In this article, we’ll walk through how a data scientist in a social media Ads division can use propensity scores to estimate the impact of ad exposure on user conversion. We’ll use a simulated dataset of users with information like age, prior engagement, and device type, and we’ll demonstrate how to: 

  • Estimate each user’s propensity (likelihood) of seeing the ad based on their characteristics. 
  • Match ad-exposed users to similar unexposed users using these propensity scores. 
  • Check covariate balance with a before-and-after comparison (including a table of covariate differences and a balance plot). 
  • Estimate the difference in conversion rates attributable to ad exposure on the matched sample. 
  • Discuss key assumptions, limitations, and where propensity score methods fit in the broader causal inference toolbox. 

Propensity Scores: Mimicking a Randomized Experiment 

In an RCT, random assignment of exposure would ensure the exposed and control groups are statistically equivalent (on both observed and unobserved factors) before the treatment. Propensity scores aim to mimic that balance using observational data. Formally, the propensity score is defined as the probability of treatment assignment (here, ad exposure) conditional on observed covariates. In plain terms, it’s each user’s predicted likelihood of seeing the ad given their profile (age, engagement, device, etc.). By matching or adjusting on this single score, we ideally achieve a situation as if we had randomized who sees the ad. Rosenbaum and Rubin (1983) showed that the propensity score is a “balancing score” – conditional on users having the same score, their observed covariates should be balanced between exposed and unexposed groups. 

How do we estimate propensity scores? The most common approach is to train a logistic regression model to predict the probability of receiving the treatment based on covariates. In our case, we’ll model the probability a user was shown the ad as a function of their attributes. (More complex machine learning models like random forests or gradient boosting could also be used for propensity estimation, especially if there are nonlinearities, but logistic regression is a good starting point.) Each user then gets a score between 0 and 1 – for example, a very active 25-year-old mobile user might have an 80% predicted chance of seeing the ad, whereas a less engaged older desktop user might have only 10%. 

Why not just control for the covariates directly?

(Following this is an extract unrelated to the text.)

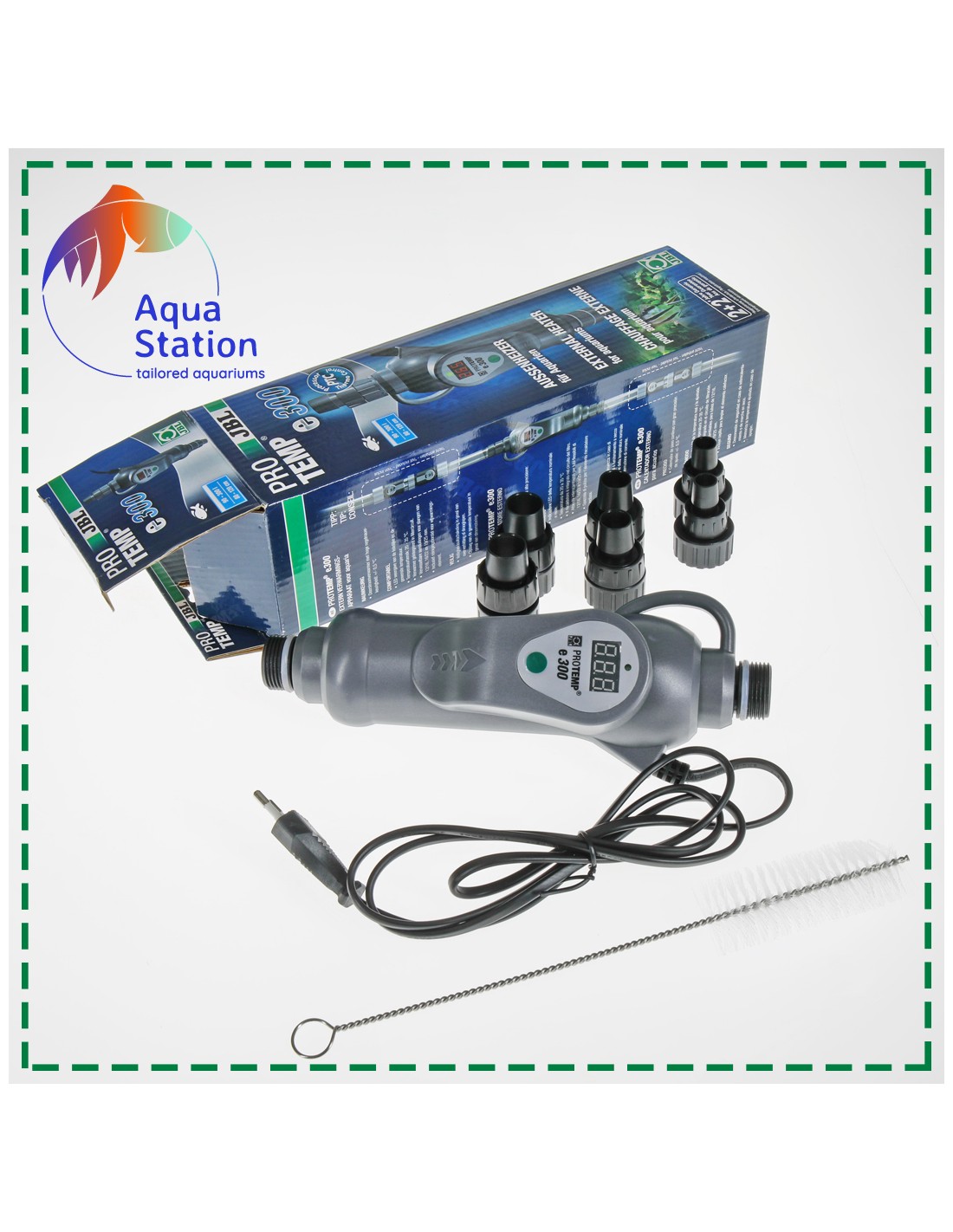 Com a instalação no circuito do filtro consegue-se uma distribuição muito homogénea da temperatura da água no aquário com uma precisão de medição de +/- 0,5 °C, e um intervalo de comutação de 1,0 °C.

In principle, you could run a regression of conversion on ad exposure plus all the covariates. That is another valid approach, and in fact propensity score methods are asymptotically equivalent to regression adjustment under certain conditions. The advantage of propensity scores is primarily in diagnostics and study design: PSM forces you to check balance and overlap between groups before looking at outcomes. It helps illustrate whether you have comparable groups, whereas a straight regression might mask a lack of overlap or extrapolate into regions with no data. In short, propensity score matching tackles selection bias head-on by explicitly pairing or weighting users to create a pseudo-experiment. 

Data Setup: Simulating an Ad Exposure Scenario 

To make this concrete, let’s simulate a dataset for our social media platform scenario. Imagine we have 1,000 users with the following characteristics: 

  • Ad Exposure (treatment): A binary indicator of whether the user was exposed to a particular ad campaign (1 = saw the ad, 0 = did not see the ad). In our simulation ~30% of users get exposed, but importantly, this is not random. 
  • Age: User age in years (ranging from 18 to 65 in our simulated data). 
  • Prior Engagement: A score or count representing the user’s recent engagement on the platform. For example, this could be the number of posts/interactions last week on a 0–10 scale (0 = not engaged, 10 = highly engaged). 
  • Device: A categorical variable for primary device used (we’ll simplify to Mobile vs. Desktop). Let’s say about 70% of users use mobile. 

We construct the exposure in a biased way: we’ll assume the platform’s ad delivery algorithm tends to show the ad more to certain users. Specifically, younger and highly engaged users on mobile are more likely to be exposed to the ad. This reflects a real-world scenario, perhaps the ad campaign targets active mobile users, or active users simply spend more time and thus have more chance to see the ad. In our simulation, the probability of exposure is generated by a logistic model: 

with coefficients chosen such that indeed higher engagement and mobile usage increase the odds of exposure, while age has a slight negative effect (older users slightly less likely to see the ad). We won’t go into the code here but suffice it to say our simulation intentionally builds in confounding: exposed and unexposed users will have different covariate profiles on average. 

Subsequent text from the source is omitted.